Machine learning: An introduction - Transcript
Machine learning: An introduction - Transcript
(The Statistics Canada symbol and Canada wordmark appear on screen with the title: "Machine learning: An introduction")
Machine learning: An introduction
Welcome to Machine Learning: An introduction. Here we'll explain the basic concepts of machine learning and include a framework for responsible machine learning processes.
Learning goals
This video is recommended for those who already have some familiarity with the concepts and techniques associated with computer programming and using algorithms to analyze data. One important distinction we'll make in this video is the difference between data science, artificial intelligence and machine learning. You'll learn what machine learning can be used for, how it works and some different methods for doing it. You'll also learn how to build and use machine learning processes responsibly.
Steps of a data journey
(Text on screen: Supported by a foundation of stewardship, metadata, standards and quality)

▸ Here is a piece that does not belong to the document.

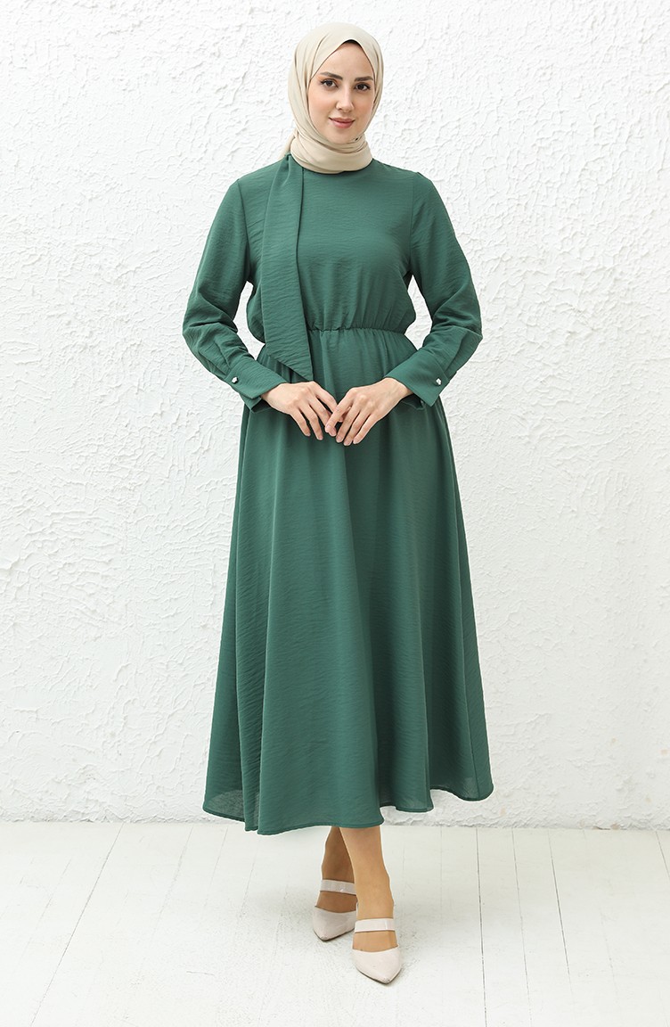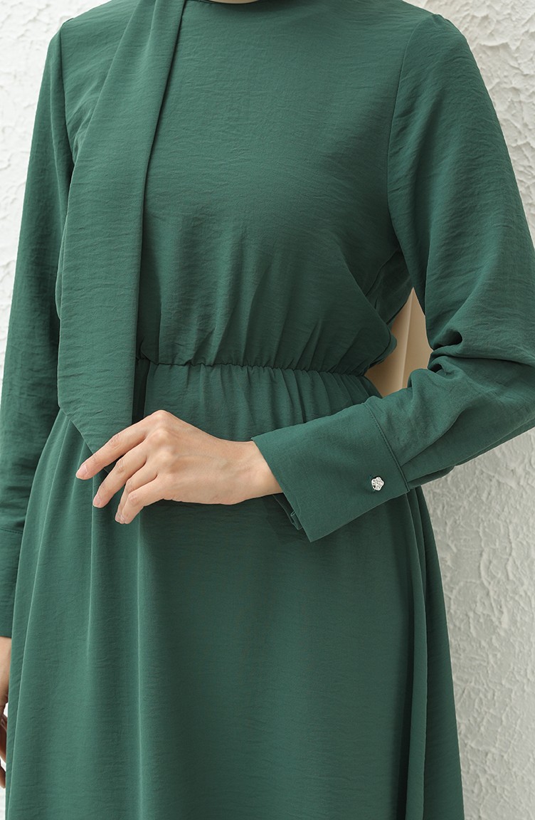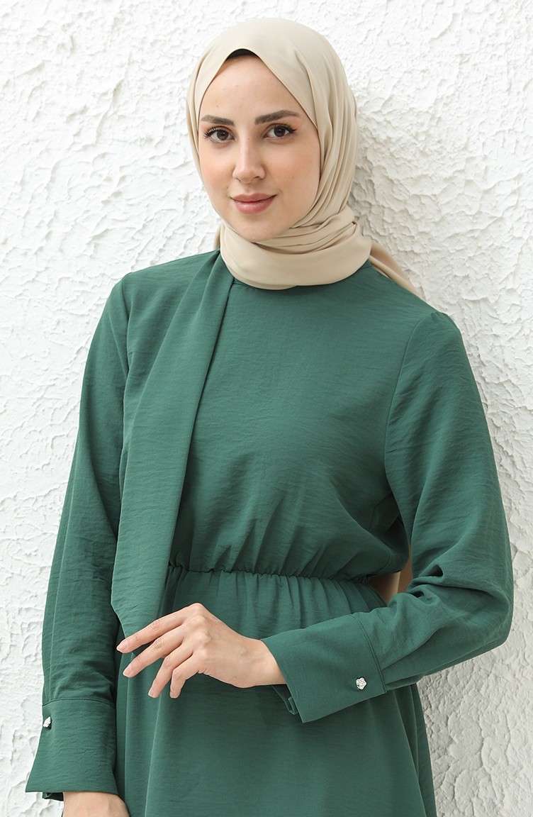 Aerobin Fabric Shirred Waist Dress 40200-02 Emerald Green 40200-02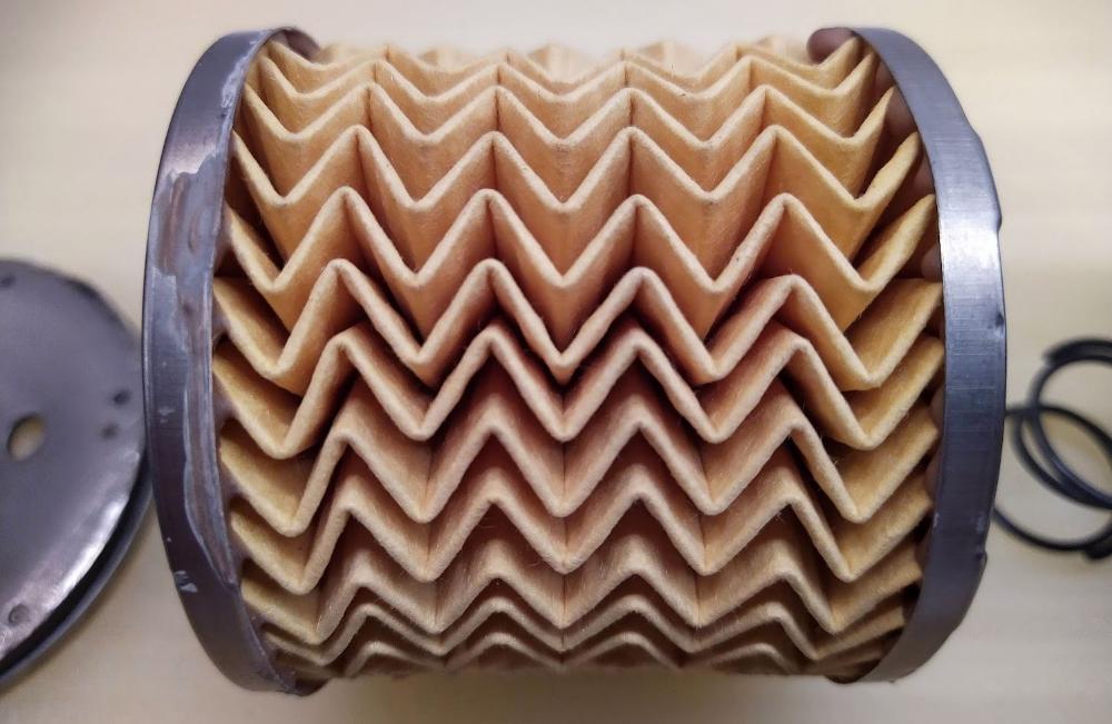 Zvláštností filtrů Purflux (od něhož tento filtr Bosch pochází) je filtrační papír skladaný do W. Výrazně zvyšuje filtrační plochu.

(Diagram of the Steps of the data journey: Step 1 - define, find, gather; Step 2 - explore, clean, describe; Step 3 - analyze, model; Step 4 - tell the story. The data journey is supported by a foundation of stewardship, metadata, standards and quality.)
This diagram is a visual representation of the data journey from collecting the data to exploring, cleaning, describing and understanding the data, to analyzing the data and lastly, to communicating with others the story the data tell.
Steps 1,2 & 3: Define, find, gather; Explore, clean and describre; Analyze and model
(Diagram of the Steps of the data journey with an emphasis on Step 1 - define, find, gather; Step 2 - explore, clean and describe; Step 3 - analyze and model)
Machine learning can be used at the find, gather and protect step in the data journey to search through data and find only the parts that are needed. It can also be used at the explorer clean and describe step in the data journey to reveal what's in the data. And finally, machine learning can be used at the analyze and model step in the data journey to find relationships between variables and predict outcomes or future events.
What is data science?
(Chart containing 3 intersecting circles in the middle. The circles of the orange, left green and right blue top represent the Domain Expertise, Computer Science and Mathematics, respectively. The intersection of orange-green, green-blue and blue-orange circles represent Data Processing, Machine Learning and Statistical Research, respectively. The intersection of the three circles represents the Data Science.)
First, what is data science exactly? It's the intersection of three things: expertise in a particular domain, computer programming skills, and mathematics and statistics. Data scientists, computer scientists, statisticians and other types of scientists can all use machine learning in their work. Data science techniques such as artificial intelligence and machine learning are used to solve analytically complex problems.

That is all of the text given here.